Anecdotal evidence is not evidence.

Also remember that people are more likely to come back to a forum, or post a review on Amazon, if they have success using a method. Those that don’t get what they wanted typically move on. Those that got the boy (or the girl) can come back to a group a star. They had success! They may declare themselves experts in how you, too, can get the baby you want.

Those that don’t have success are less likely to return to tell their tale. They may be accused of not following the directions closely enough. They don't get the honor of sharing a success story. There’s no benefit to report they failed at their goal.

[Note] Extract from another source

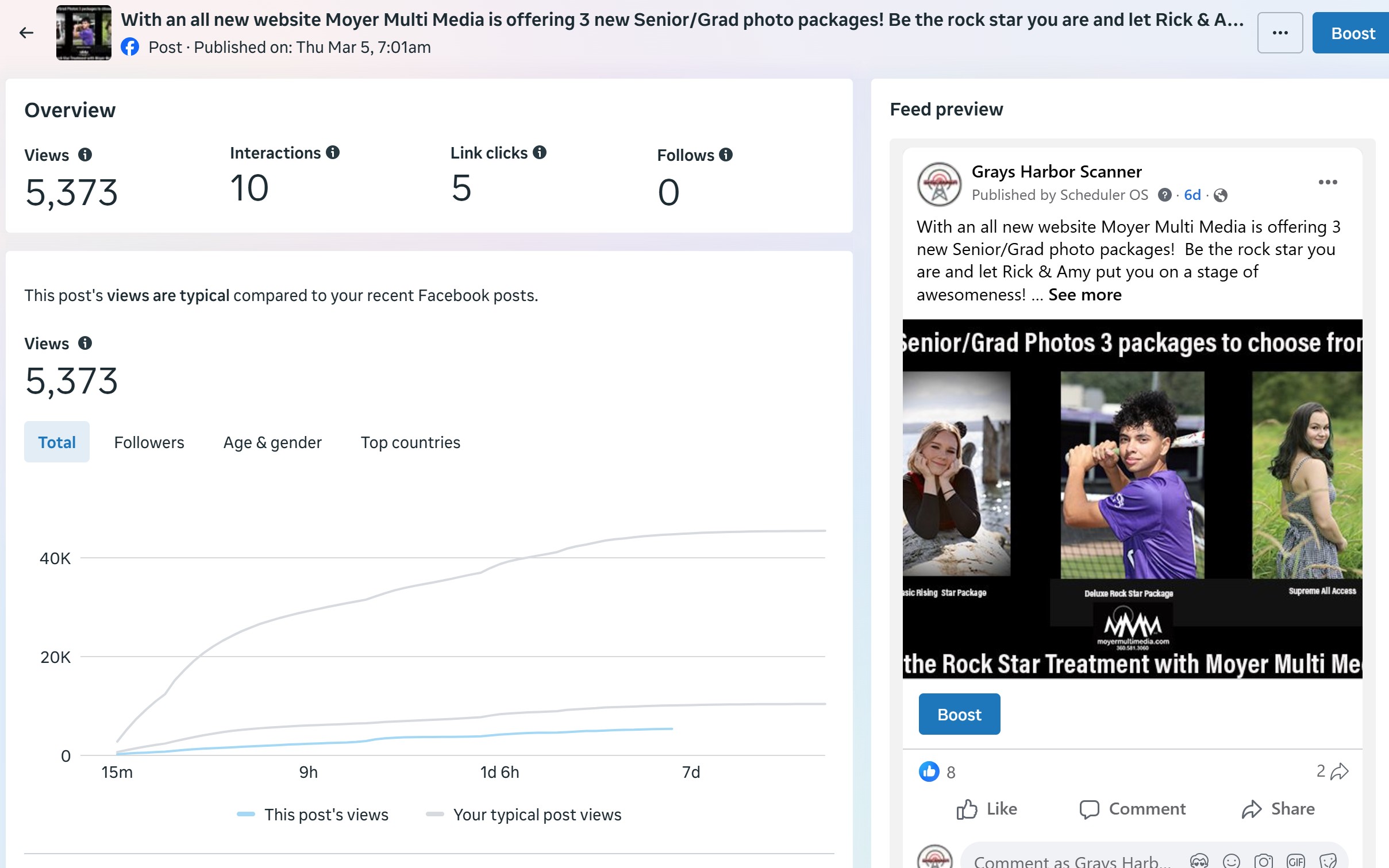 | Captured | Reach | Clicks | Reactions | Comments | Shares |

Ethical Concerns and Controversy on Sex Selection

While some doctors argue that the right to choose whether you have a boy or girl (within reason) falls into the broad category of reproductive rights, not everyone agrees. Many parents secretly or openly wish for a girl or boy, but there seems to be a line drawn when it comes to taking steps to make that wish come true.

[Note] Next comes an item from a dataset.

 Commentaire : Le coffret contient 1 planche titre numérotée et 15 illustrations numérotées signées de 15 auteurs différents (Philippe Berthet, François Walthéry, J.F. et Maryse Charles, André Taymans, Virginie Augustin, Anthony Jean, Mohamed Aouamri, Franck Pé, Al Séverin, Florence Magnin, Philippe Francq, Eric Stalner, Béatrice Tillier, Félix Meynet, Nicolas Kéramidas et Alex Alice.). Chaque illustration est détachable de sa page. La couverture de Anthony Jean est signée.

Here are some of the arguments against preconception sex selection:

  • Contradicts the concept of unconditional parental love. Just about every mother and father who really wanted a baby of one sex, but had one of the other, will tell you they love that child just as much. However, some question whether having such a strong preference before conception may interfere with unconditional love.
  • May be beginning of slippery slope towards “designer babies.” Some ethicists are concerned that if we start allowing people to choose the sex of their child, it will lead to parents trying to choose other aspects of a child’s genetics. This technology doesn’t exist now, however.
  • Risk of societal consequences, if one sex is favored over the other. In cultures where one sex is favored strongly over another, the ability to choose the sex of a child may lead to an imbalance of the societal sex ratio. This is already a problem in China, where boys are favored over girls. The latest sex ratio there was measured to be 113.5 boys to every 100 girls. Gender equality issues in education and other areas also suffer greatly in China.
  • Risk of child not meeting parent’s gender expectations. A parent who wishes to have a girl (or a boy) may have specific ideas of what it means to be a girl (or boy). What if the child doesn’t meet those expectations? This may have psychological consequences and cause problems in the parent-child relationship.
  • Religious objections to preconception sex selection. Some religions forbid taking any steps to attempt choosing or controlling the sex of their future child. Even in religions where one sex (usually male) is favored over the other, interfering with “God’s plan” may be frowned upon.

A Word From Verywell

Many people secretly wish for a child of a specific sex. Maybe they’ve always dreamed of raising a little girl or a little boy. Maybe they want to experience raising a child of each sex. These are common desires and nothing to be ashamed of.

Despite these hopes, when the baby is born, just about every parent will say they fell in love. Once the child was here, the sex didn’t matter anymore.

There are a few medical technologies that can help you have a child of a specific sex, but they can be very expensive (like IVF-PGD) or are unavailable in the USA (like Microsort®). There are also a variety of “natural” sex selection methods, the vast majority of which have no scientific validity or stand on very shaky ground. While most methods are harmless, not all of them are risk free. Talk to your doctor for guidance.